1. The absurd speed at which the British Government reacted to the incident
I remain astonished at the manner and the speed with which the British Government reacted to this incident. There was the speed with which the Foreign Secretary, Boris Johnson, first pointed the finger of culpability, less than 48 hours after the incident, and before any investigation or analysis of the substance had taken place. There was the speed with which Porton Down was apparently able to analyse and identify the substance, even though it is set to take the Organisation for the Prohibition of Chemical Weapons (OPCW) at least three weeks to carry out a similar identification. There was the speed with which the British Government officially accused the Russian Government of being behind the incident, and the 36-hour ultimatum given to it to prove its innocence without being given any of the evidence that apparently showed its culpability. There was the speed with which the British Government, armed with evidence that looked like it was put together by a rather dull 14-year-old on work experience, managed to convince a number of other countries to expel diplomats, including 60 from the United States.
Why, if it was so sure of its claims, did the British Government feel the need to act so hastily and recklessly, rather than await the results of the investigation?

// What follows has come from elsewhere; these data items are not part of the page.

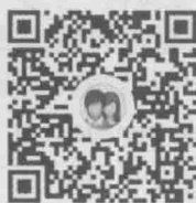
读者服务 QQ 群
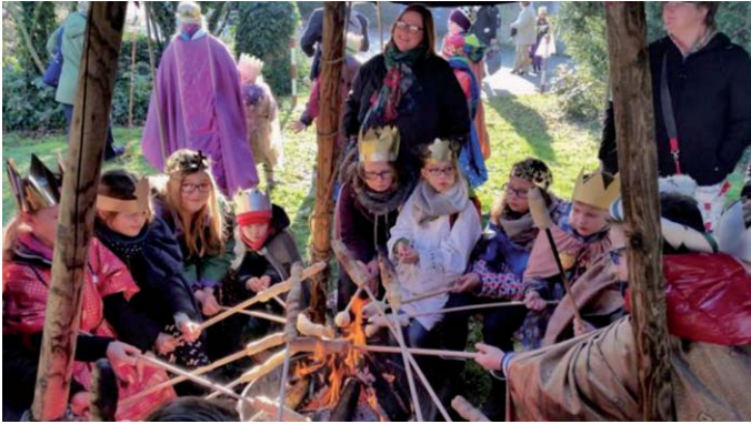
Bundesweite Aussendung der Sternsinger in Fulda
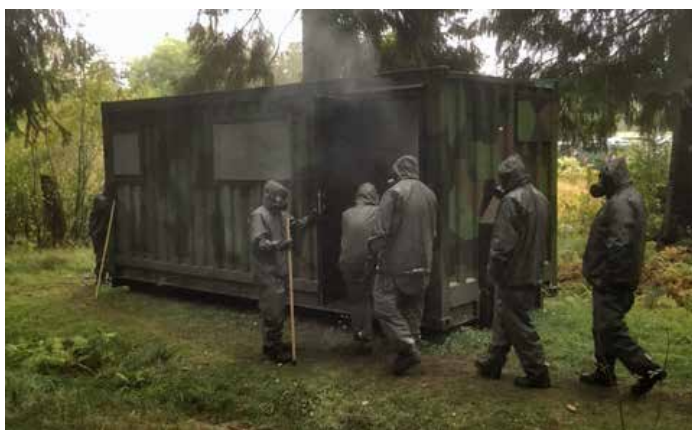
Tillpassningskontroll av skyddsmask

Efter genomförd mobilisering under torsdagen övade plutonen på ordregivning (marschorder) och efterföljande fordonsmarsch på fredagen. Vid destinationen Brudareossen gjorde plutonen halt vid en "FAP" och ledningsgruppen fortsatte med rekognosering av området vid Brudareossen.
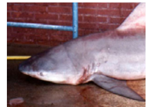
Pag 19 - Cabeça-chata ( Carcharhinus leucas )
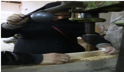
شكل (٨) متدربة اثناء تنفيذ النقر
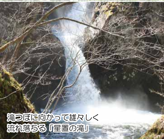
滝つぼに向かって雄々しく流れ落ちる「星置の滝」
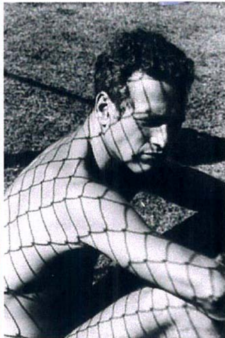
Paul Newman photographié par Dennis Hopper en 1964.
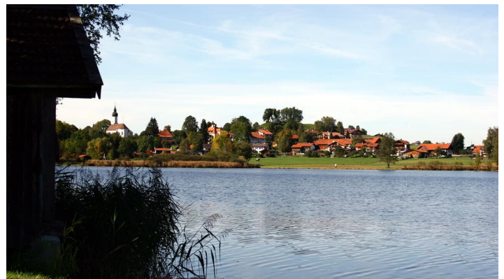
Hüttenwanderung - Seen, Moore und Berge (1.Etappe von 3)
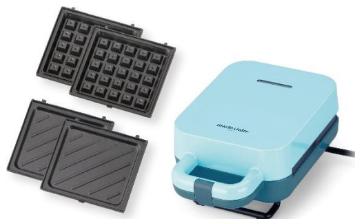
B07 ホットサンド &ワッフルメーカー
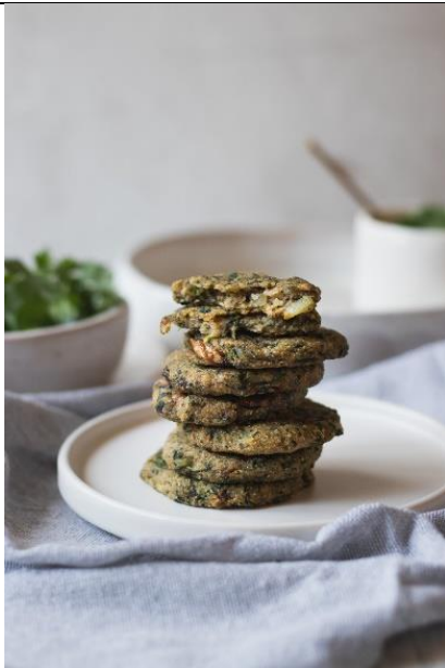
Slika 10. Polpete od koprive, izvor: https://www.journal.hr/blogovi/journal-gastro/polpete-od-koprive-i-shiitaka-recept-kriska-i-po/
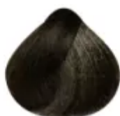
6.713 - Louro Escuro Marrom Mate
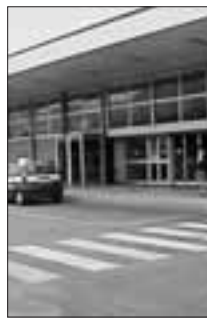
Il "Tito Minniti"

2. The British Government’s ignoring of legal frameworks and protocols
Not only has the British Government acted with lightning speed, it has also ridden roughshod over a number of international legal agreements and protocols.
Firstly, there is the involvement of the OPCW. What ought to have happened is the British Government should have invited the OPCW in as part of the investigation immediately upon suspicion of the use of a nerve agent. However, according to the British Government’s own timeline, it wasn’t until March 14th– the day that Mrs May formally announced the culpability of the Russian State to Parliament – that she actually wrote to the OPCW to involve them in the case. This is, I understand, contrary to the obligations Britain has as a member of the OPCW, and signatory to the Chemical Weapons Convention (CWC).

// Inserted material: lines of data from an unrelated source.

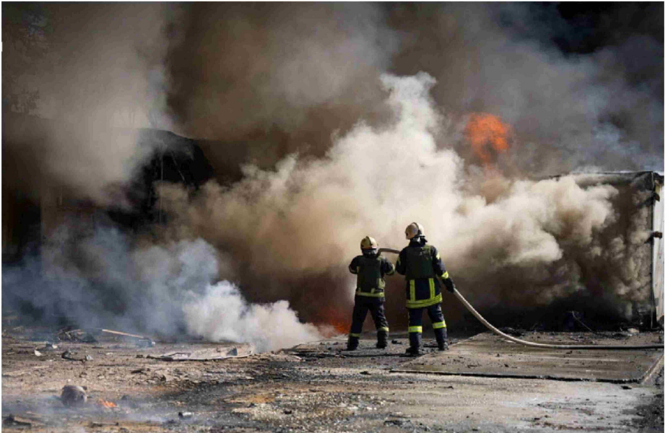
► Los bomberos trabajan en el lugar de un ataque de misil ruso, en la región de Odesa, Ucrania, el 26 de agosto de 2024.
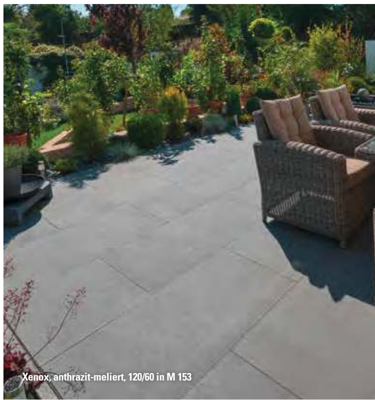
Xenox, anthrazit-meliert, 120/60 in M 153
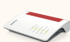
FRITZ!Box 5690 4 € / Monat

Wir setzen ausschließlich auf die mehrfachen Testsieger von FRITZ!
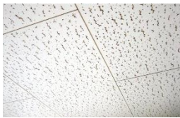
石膏ボード・ジプトン
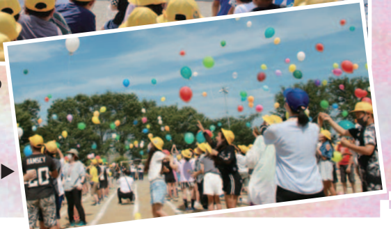
▶一斉に風船を飛ばす児童たち
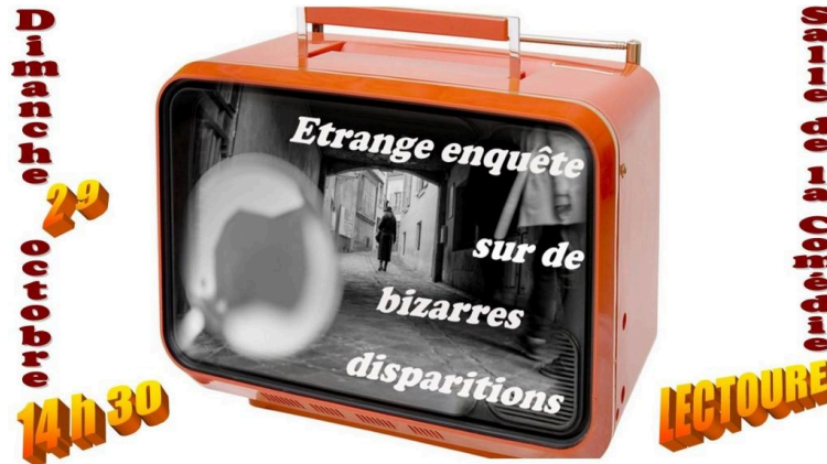
Le festival Bizarre en mode loufoque
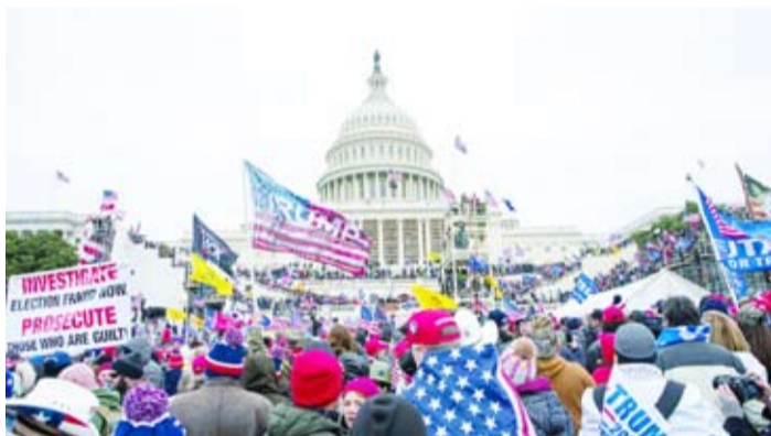
مناصرو ترامب أمام الكابيتول، يوم اقتحامه

لم يستبعد الرئيس الأميركي السابق دونالد ترامب احتمال وقوع أعمال عنف من جانب مؤيديه، إذا لم ينجح في الانتخابات الرئاسية المقررة في نوفمبر حسبما نقلته شبكة «سي إن إن». وقال ترامب، خلال مقابلة مع مجلة «تايم»، الأميركية، نُشرت «أعتقد أننا سنفوز، وإذا لم نَفز، فكما تعلمون، الأمر يعتمد دائماً على نزاهة الانتخابات». وقال ترامب خلال المقابلة التي جرت خلال جليستين في وقت سابق من هذا الشهر، في البداية، من احتمال وقوع أعمال عنف مماثلة للهجوم الذي وقع في 6 يناير 2021 على مبنى «الكابيتول»، حسب «سي إن إن».
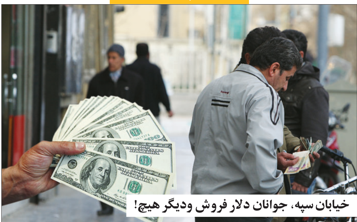
خیابان سپه، جوانان دلار فروش و دیگر هیچ!
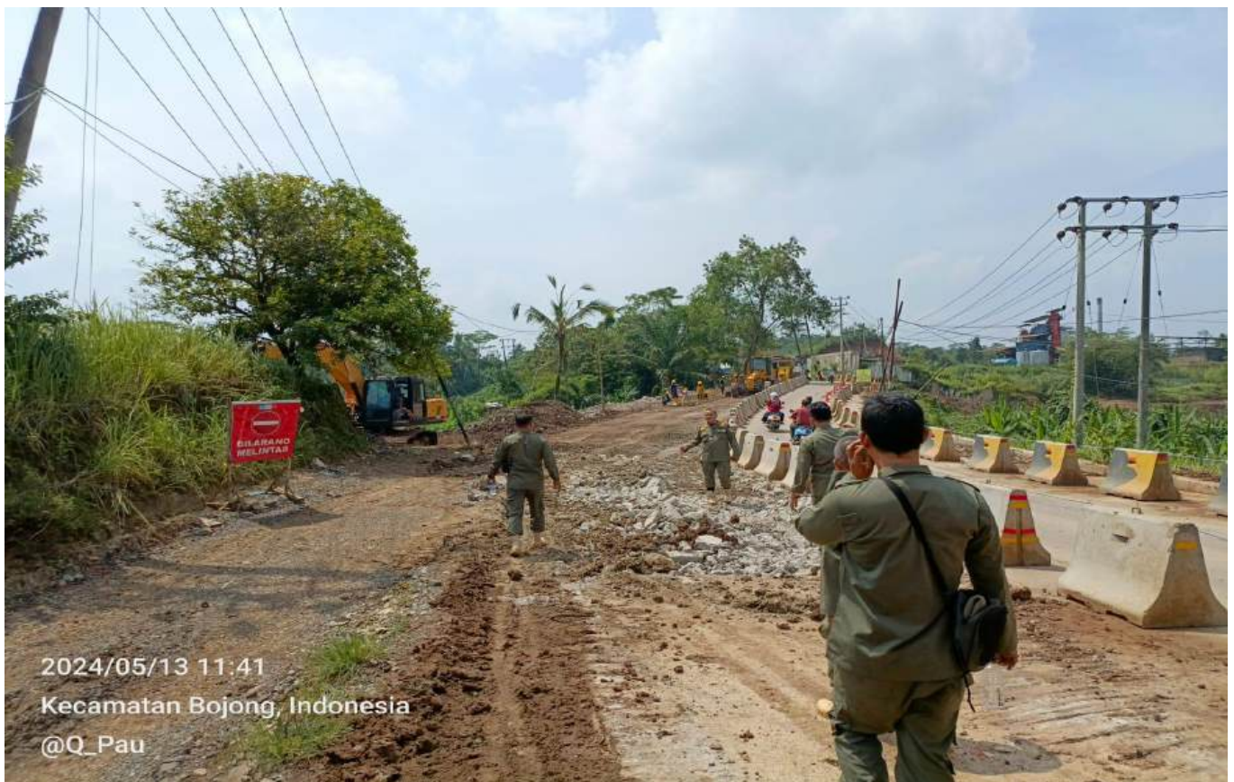
2024/05/13 11:41 Kecamatan Bojong, Indonesia @Q_Pau

In addition, the British Government has refused to provide evidence to the Russian Government. Again, my understanding is that this is contrary to the protocols set out in the CWC.

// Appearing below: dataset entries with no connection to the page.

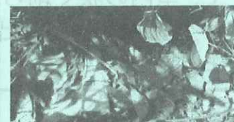
まだゴミが残っている...
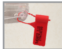
Fonction anti-effraction Option d'installation gauche ou droite
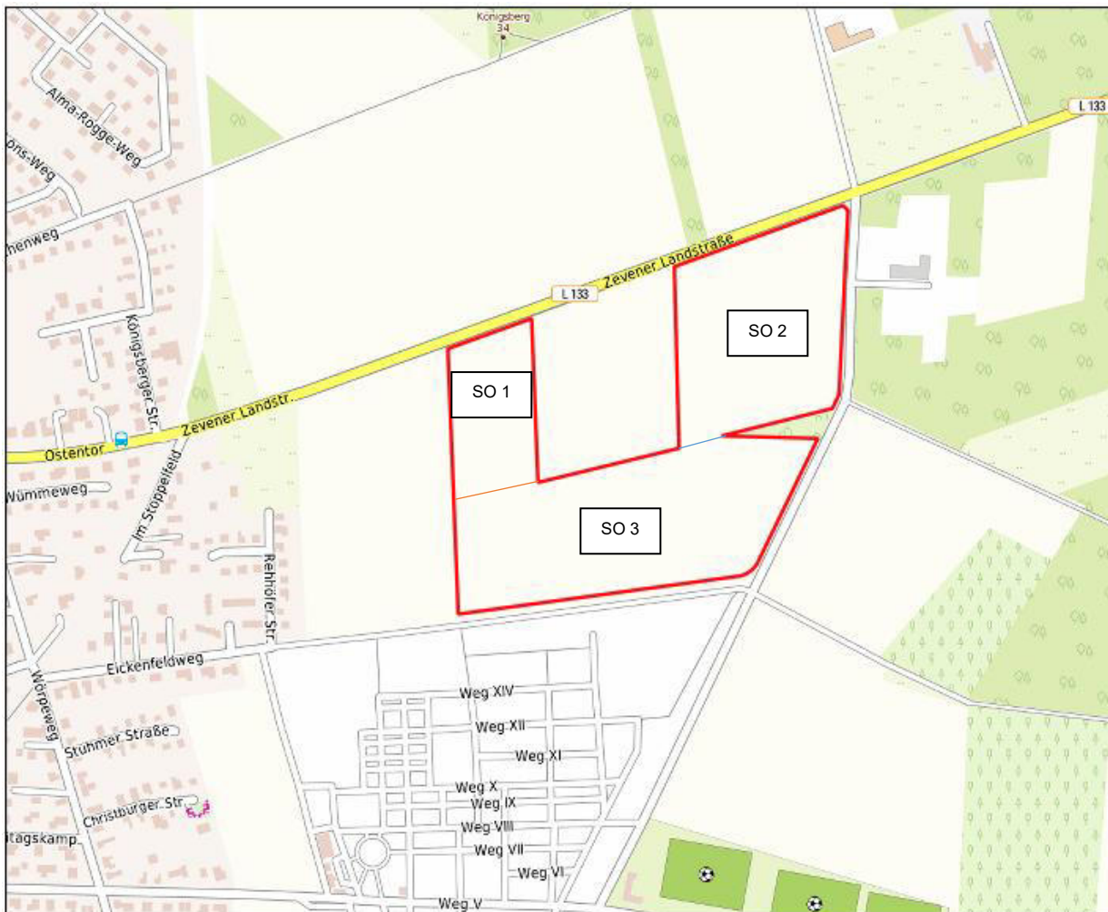
Abb. 1: Übersicht über die Lage der geplanten FF-PVA (ohne Maßstab). Datengrundlage: Top-PlusOpen P50 © GeoBasis-DE

Die Größe des Geltungsbereichs der vorliegenden Planung beläuft sich auf rd. 13,55 ha, wovon 13,51 ha der Nutzung als Sondergebiet „Photovoltaik“ ausgewiesen werden sollen. Weitere knapp 0,04 ha fallen auf einzurichtende Verkehrsflächen zur Erschließung.
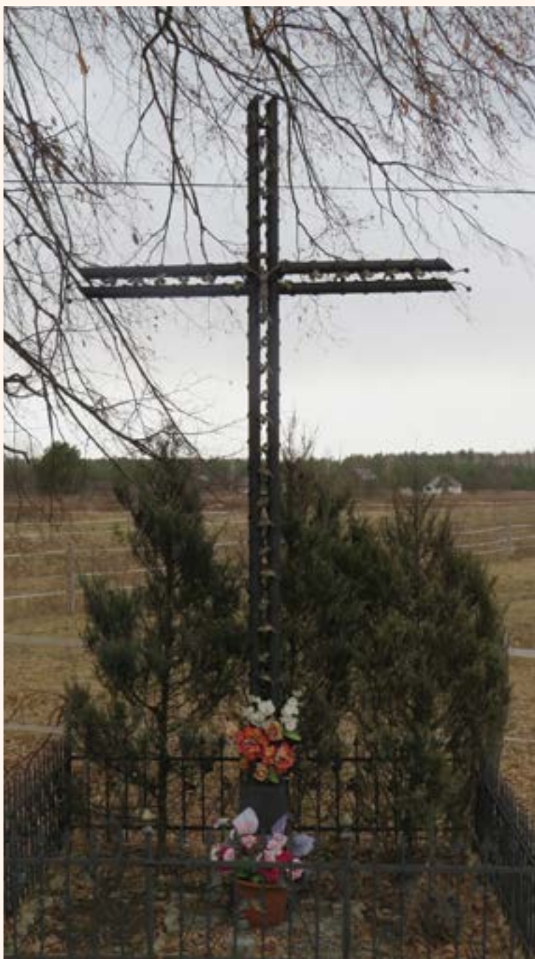
Krzyż żelazny przy ul. Granitowej.
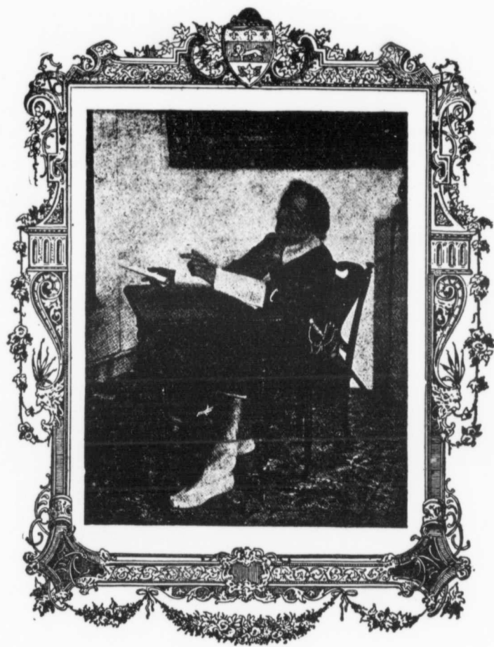
PAUL DE CHOMEDEY Sieur de Maisonneuve.
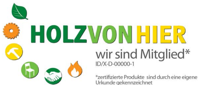
Abb. 1: Variante Mitgliedschaft
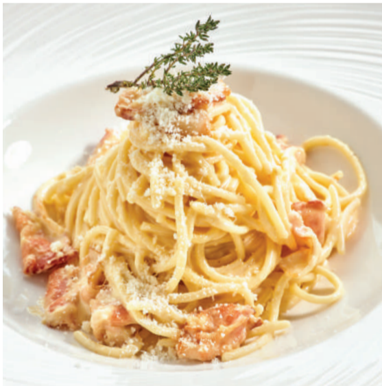
Спагетти Карбонара Spaghetti Carbonara 230 g 680P
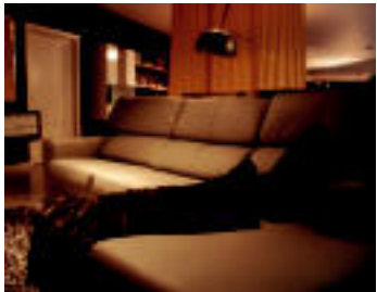
Sofa da egongelako elementu garrantzitsuena eta horren arabera antolatuko dugu gainerakoa.

The British Government has also refused to grant the Russian Embassy in London consular access to two Russian nationals, Sergei and Yulia Skripal, which it is legally obliged to do under Articles 36 and 37 of the 1963 Vienna Convention and Article 35 (1) of the 1965 Consular Convention.
Why, if it was so sure of its claims, did the British Government feel the need to ignore international agreements to which it is a signatory, and instead act in this opaque and frankly suspicious manner?
3. The number of oddities and discrepancies in the official narrative
The speed of apportioning blame and the ignoring of international legal agreements might not have looked nearly as suspicious had the narrative presented by the British Government and the facts on the ground been in harmony with one another. But they have not been. Instead, many of the actual events that have transpired over the weeks since the incident was first reported simply do not fit the overarching explanation given. Below are five of the most important:
As mentioned above, the Chief Executive of Porton Down, Gary Aitkenhead has confirmed that the laboratory was unable to identify the origin of the substance used to poison the Skripals. This is in direct contradiction to the claims made by the Foreign Secretary, Boris Johnson, who said the following on the Andrew Marr Show on 18th March:
“Obviously to the best of our knowledge this is a Russian-made nerve agent that falls within the category Novichok made only by Russia, and just to get back to the point about the international reaction which is so fascinating…”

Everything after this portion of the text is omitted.